───── SUPPLIED DATA

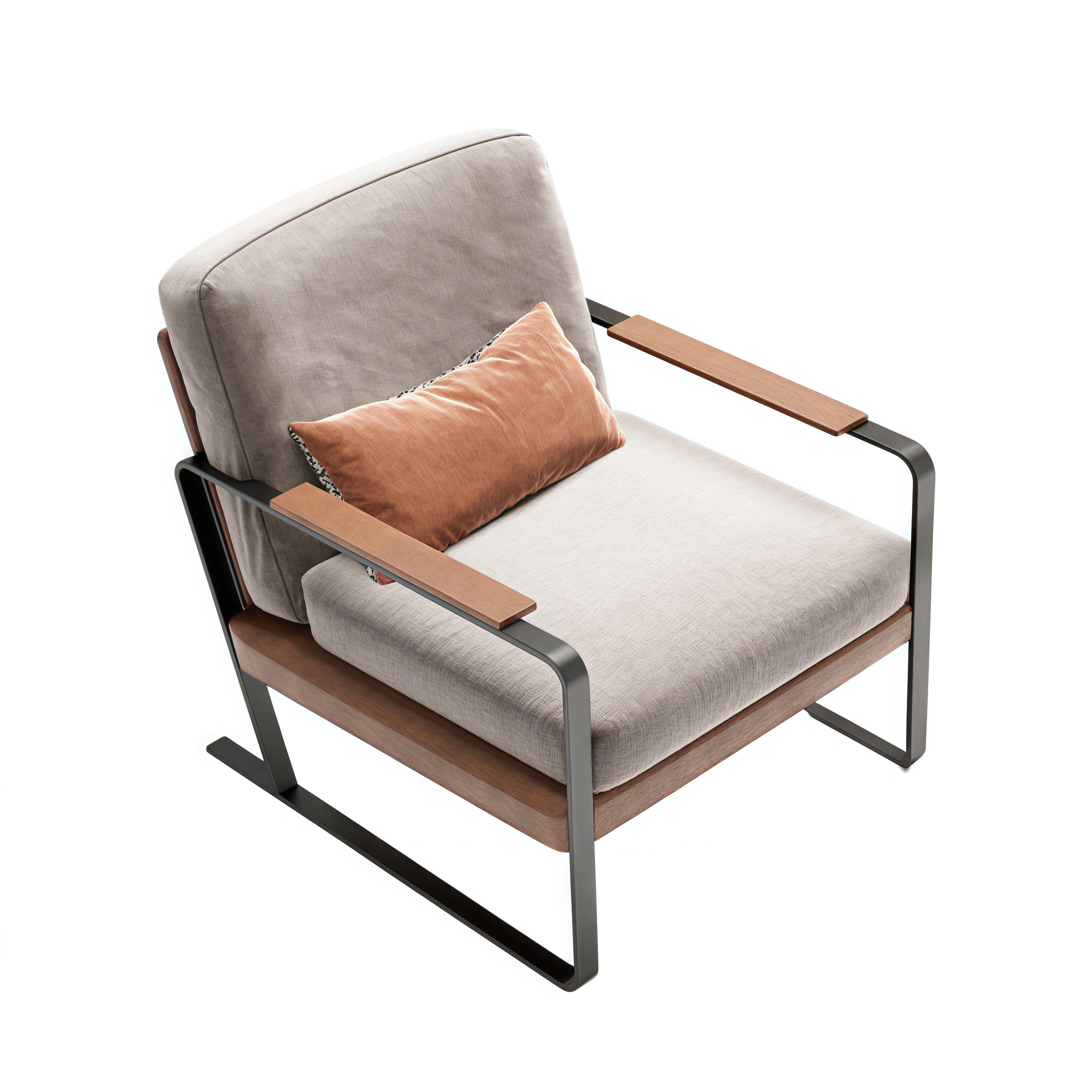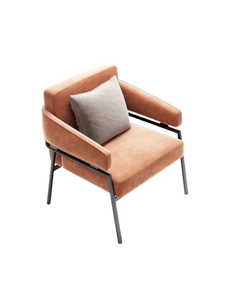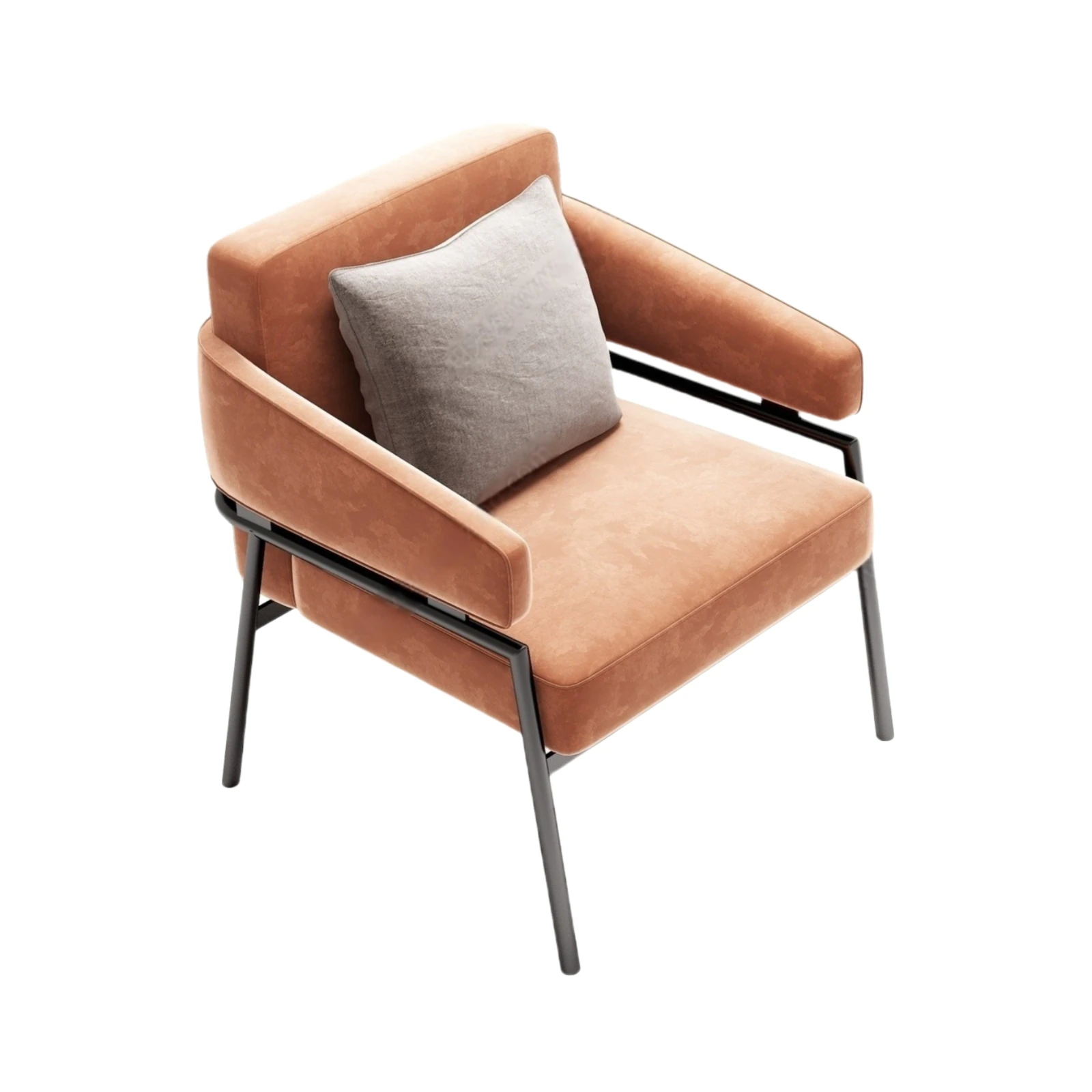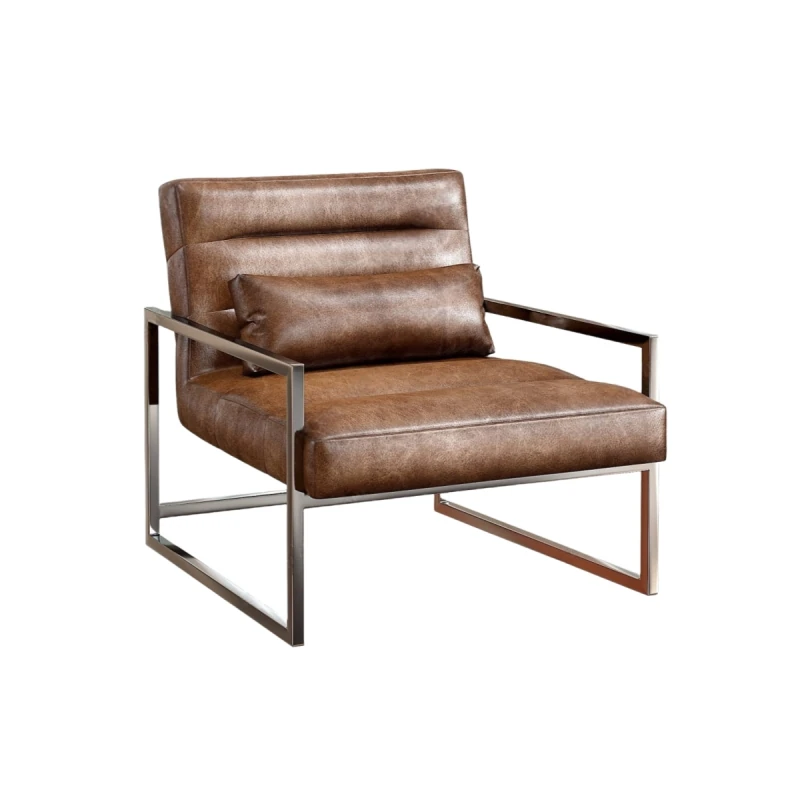 軽やかな高級感!ステンレス製のシングルソファ、家庭用リビングやバルコニーに最適。現代的なデザインのシンプルな休憩エリア用チェア。デザイナーによる洗練された一脚で、心地よいひとときをお楽しみください。
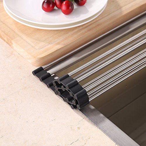 KES Scolapiatti Roll-Up Multiuso Pieghevole 13.4" da 20", SUS 304 Acciaio Inox, NERO, PDR6S3451-BK
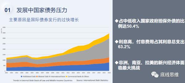 蓝色代表多边债务;橘红代表双边债务;灰色代表国际债券;黄色代表商业银行和其他债务真正份额增加比较多的是灰色部分,以及黄色的部分。灰色是国际债券,黄色是商业银行贷款,就像花旗、摩根士丹利。单从国际债券来讲,已经占中低收入国家担保外债比例一半以上,而且国际债券的主要持有方是欧美发达国家的投资机构,其特点是利息更高,如非洲国2013—2019 年发行的十年期欧洲债券息票率处于 4%—10%的区间;付息费用占其利息总支出的比例很大,2020年中低收入国家支付的国际债券利息达到 696 亿美元,占其利息总支出的 63.2%,作为比较,双边债务的利息仅占 9.8%【1】。
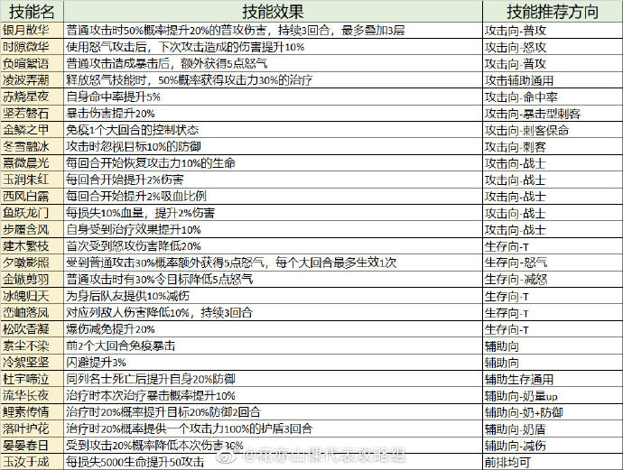 需要注意:列出来的技能都是可以携带的,排序没有绝对的先后,攻略仅供参考,大家按需(和按脸)进行选择。

──────────

Set the listing down verbatim, excluding pictures.

 軽やかな高級感!ステンレス製のシングルソファ、家庭用リビングやバルコニーに最適。現代的なデザインのシンプルな休憩エリア用チェア。デザイナーによる洗練された一脚で、心地よいひとときをお楽しみください。
 KES Scolapiatti Roll-Up Multiuso Pieghevole 13.4" da 20", SUS 304 Acciaio Inox, NERO, PDR6S3451-BK
 蓝色代表多边债务;橘红代表双边债务;灰色代表国际债券;黄色代表商业银行和其他债务真正份额增加比较多的是灰色部分,以及黄色的部分。灰色是国际债券,黄色是商业银行贷款,就像花旗、摩根士丹利。单从国际债券来讲,已经占中低收入国家担保外债比例一半以上,而且国际债券的主要持有方是欧美发达国家的投资机构,其特点是利息更高,如非洲国2013—2019 年发行的十年期欧洲债券息票率处于 4%—10%的区间;付息费用占其利息总支出的比例很大,2020年中低收入国家支付的国际债券利息达到 696 亿美元,占其利息总支出的 63.2%,作为比较,双边债务的利息仅占 9.8%【1】。
 需要注意:列出来的技能都是可以携带的,排序没有绝对的先后,攻略仅供参考,大家按需(和按脸)进行选择。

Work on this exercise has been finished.